CogVideo loss is NAN when training some steps, sat sft type

System Info / 系統信息

cuda11.8/torch2.4

Information / 问题信息

[X] The official example scripts / 官方的示例脚本
[ ] My own modified scripts / 我自己修改的脚本和任务

Reproduction / 复现过程

only change the dataset path, the NAN log:

[2024-09-14 16:50:54,425] [INFO] [loss_scaler.py:183:update_scale] [deepspeed] OVERFLOW! Rank 0 Skipping step. Attempted loss scale: 65536, reducing to 32768
[2024-09-14 16:51:01,952] [INFO] [RANK 0]  iteration      120/    1000 | elapsed time per iteration (ms): 11114.2 | learning rate 9.060E-04 | total loss 2.123193E-01 | loss 2.123193E-01 | loss scale 32768.0 |speed 5.40 samples/(min*GPU)
[2024-09-14 16:51:01,952] [INFO] [RANK 0] time (ms) | forward: 3775.64 | backward: 2752.39 | allreduce: 0.00 | optimizer: 189.44 | data loader: 0.64
[2024-09-14 16:52:48,422] [INFO] [loss_scaler.py:183:update_scale] [deepspeed] OVERFLOW! Rank 0 Skipping step.
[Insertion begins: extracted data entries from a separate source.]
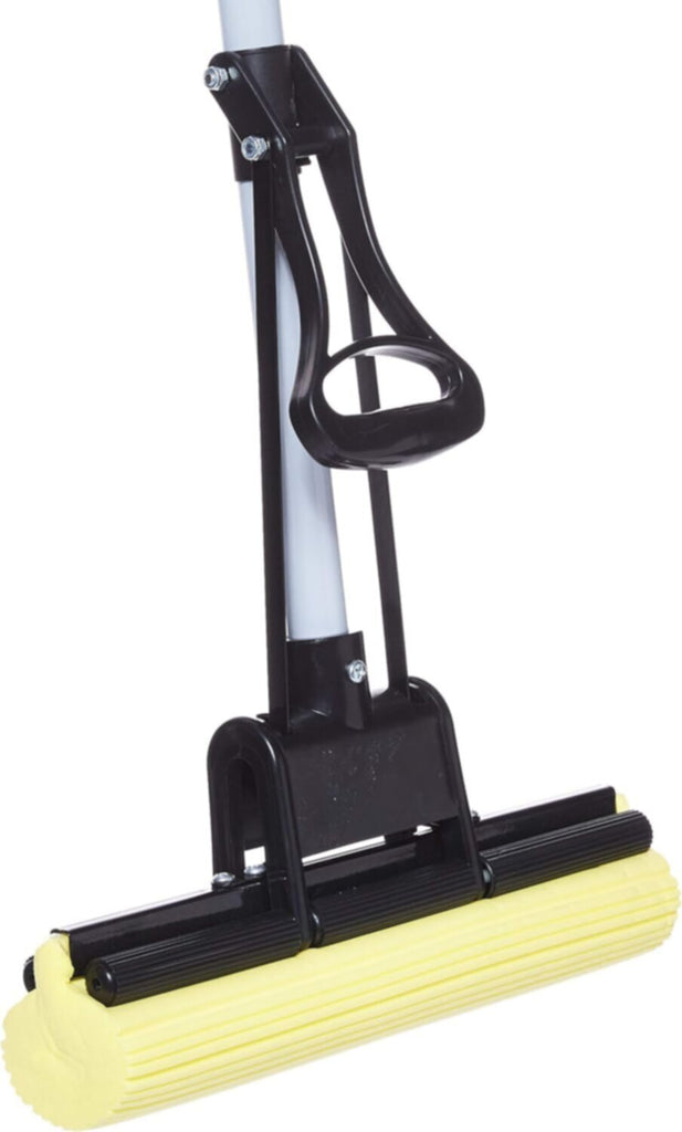 ◆ EASY TO USE – Soak a sponge in warm water for 10 minutes or more until the sponge is completely wet and soft throughout before each use. The hand-operated lever provides effortless wringing and keeps your hands free of dirt and water. Pull lever upward and toward the pole to extract dirt and water out of the sponge. Easy assembly is required of the handle. Simply attach the pole extension pieces to the mop head. To replace the mop head, unscrew the four screws and replace.
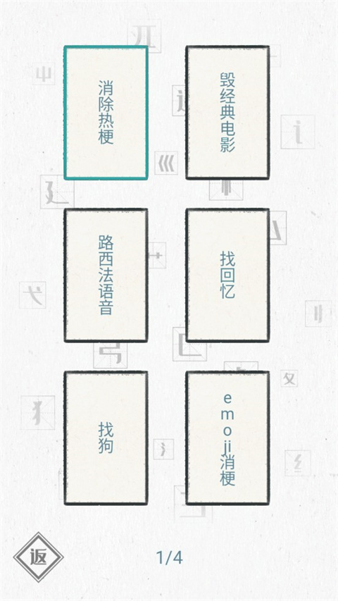 2、这里有众多关卡供玩家们体验,如:消除热梗、毁经典电影、找回忆、路西法语音、emoji消梗;找狗等等;
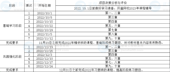 1、整體進(jìn)度說明:本計劃表從2022年10月1日開始執(zhí)行,計劃于2022年12月31日結(jié)束,共計13周;其中:基礎(chǔ)學(xué)習(xí)階段安排7周,鞏固強(qiáng)化階段安排6周。學(xué)員可根據(jù)本表的提示,結(jié)合自己的工作,學(xué)習(xí)情況進(jìn)行細(xì)化,并按網(wǎng)校要求完成聽課、做題的學(xué)習(xí)任務(wù),基本可滿足考試需要。
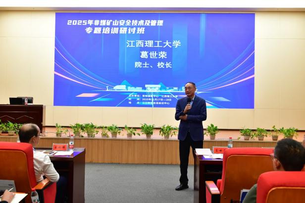 安全工程学院承办的“2025年非煤矿山安全技术及管理专题培训研讨班”在赣州成功举办。中国稀土集团有限公司、江西铜业集团有限公司、江西钨业集团有限公司、广西华锡矿业有限公司等多家单位参与本次培训。会议围绕“强化安全技术创新,提升矿山管理水平”这一主题,进行了一系列深入交流与探讨。
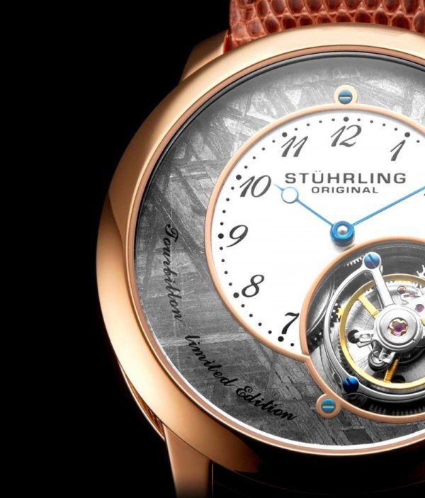 Men’s Mechanical Tourbillon Watch, Rose Gold Stainless Steel Case, Grey Meteorite Dial, Cocoa Brown Genuine Lizard Strap

Attempted loss scale: 32768, reducing to 16384
[2024-09-14 16:53:15,806] [INFO] [RANK 0]  iteration      140/    1000 | elapsed time per iteration (ms): 6692.7 | learning rate 8.870E-04 | total loss 7.151500E-01 | loss 7.151500E-01 | loss scale 16384.0 |speed 8.96 samples/(min*GPU)
[2024-09-14 16:53:15,807] [INFO] [RANK 0] time (ms) | forward: 3770.69 | backward: 2731.73 | allreduce: 0.00 | optimizer: 187.49 | data loader: 0.57
[2024-09-14 16:54:21,791] [INFO] [logging.py:96:log_dist] [Rank 0] step=150, skipped=18, lr=[0.000878, 0.000878], mom=[[0.9, 0.95], [0.9, 0.95]]
[2024-09-14 16:55:11,984] [INFO] [RANK 0] Skipping backward and optimizer step for nan or inf in forwarding metrics/loss!
[2024-09-14 16:55:25,091] [INFO] [RANK 0]  iteration      160/    1000 | elapsed time per iteration (ms): 6464.2 | learning rate 8.680E-04 | total loss NAN | loss 9.045437E-01 | loss scale 16384.0 |speed 9.28 samples/(min*GPU)
NaN or Inf found in input tensor.
[2024-09-14 16:55:25,093] [INFO] [RANK 0] time (ms) | forward: 3713.26 | backward: 2566.17 | allreduce: 0.00 | optimizer: 181.86 | data loader: 0.57
[2024-09-14 16:57:01,495] [INFO] [RANK 0] Skipping backward and optimizer step for nan or inf in forwarding metrics/loss!
[2024-09-14 16:57:34,516] [INFO] [RANK 0]  iteration      180/    1000 | elapsed time per iteration (ms): 6471.2 | learning rate 8.490E-04 | total loss NAN | loss 7.618577E-01 | loss scale 16384.0 |speed 9.27 samples/(min*GPU)
NaN or Inf found in input tensor.
[2024-09-14 16:57:34,517] [INFO] [RANK 0] time (ms) | forward: 3724.61 | backward: 2560.48 | allreduce: 0.00 | optimizer: 183.58 | data loader: 0.60
[2024-09-14 16:59:47,000] [INFO] [RANK 0]  iteration      200/    1000 | elapsed time per iteration (ms): 6624.2 | learning rate 8.290E-04 | total loss 6.272916E-01 | loss 6.272915E-01 | loss scale 16384.0 |speed 9.06 samples/(min*GPU)
[2024-09-14 16:59:47,002] [INFO] [RANK 0] time (ms) | forward: 3730.16 | backward: 2697.21 | allreduce: 0.00 | optimizer: 194.12 | data loader: 0.63

Expected behavior / 期待表现

solve it

Sep 23 '24 13:09 AlphaNext

Hi, guys, we may have the same problem. Add a wechat?

Sep 24 '24 07:09 zibojia

Hi, guys, we may have the same problem. Add a wechat?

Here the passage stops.